-- What you will do --
Drop the pictures and restate the rest of the listing word for word.

-- Dataset extract --
----------------------------------------

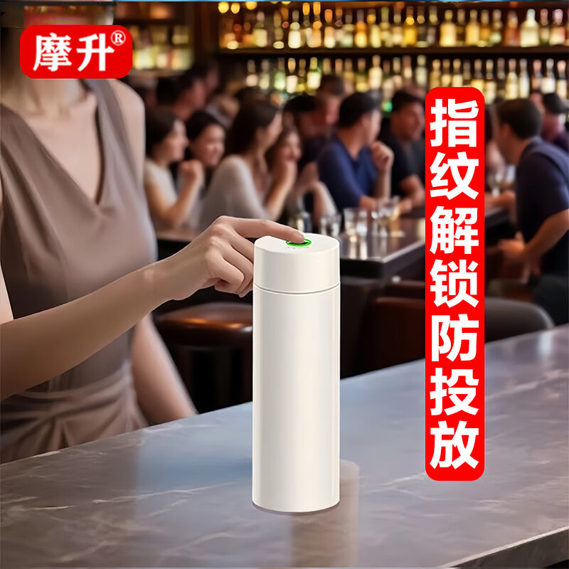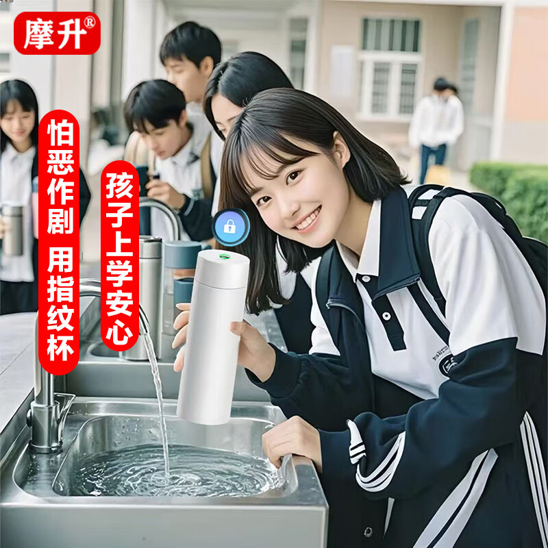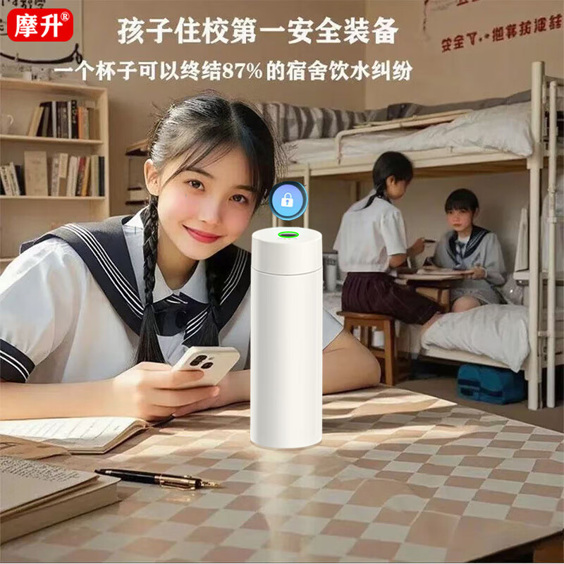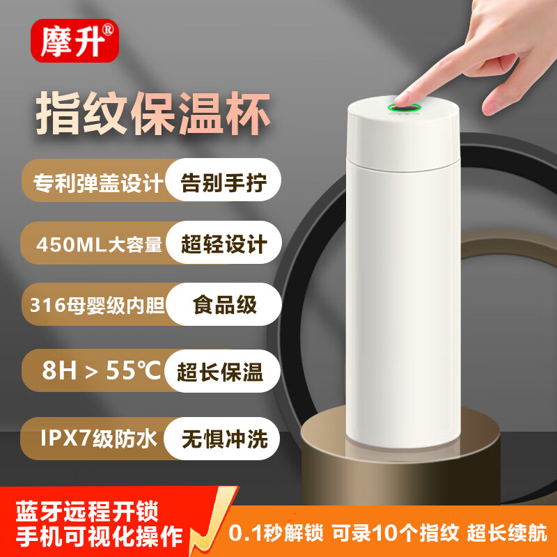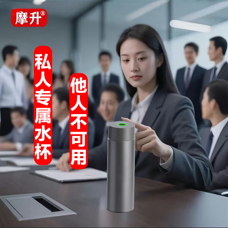 摩升指纹保温杯指纹解锁水杯指纹水杯密码锁指纹解锁便携水杯礼物茶杯 灰色 蓝牙
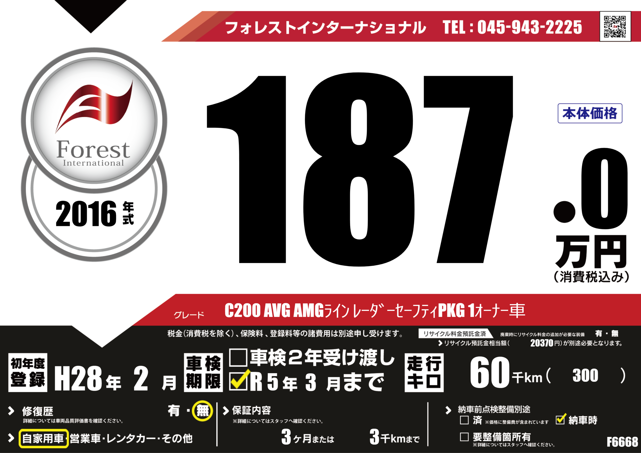 | 走行キロ | 6万km | 初年度登録 | H28年2月 |
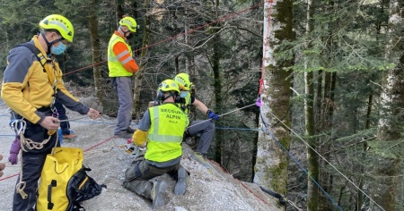 Sul posto, attorno alle 17.30, sono giunti membri della colonna di soccorso locale che si sono calati con delle corde per salvare i tre malcapitati. Per questi ultimi, visitati dai paramedici, «è stato più lo spavento che il danno», ha precisato la polizia.

----------------------------------------

-- The completed task --
 摩升指纹保温杯指纹解锁水杯指纹水杯密码锁指纹解锁便携水杯礼物茶杯 灰色 蓝牙
 | 走行キロ | 6万km | 初年度登録 | H28年2月 |
 Sul posto, attorno alle 17.30, sono giunti membri della colonna di soccorso locale che si sono calati con delle corde per salvare i tre malcapitati. Per questi ultimi, visitati dai paramedici, «è stato più lo spavento che il danno», ha precisato la polizia.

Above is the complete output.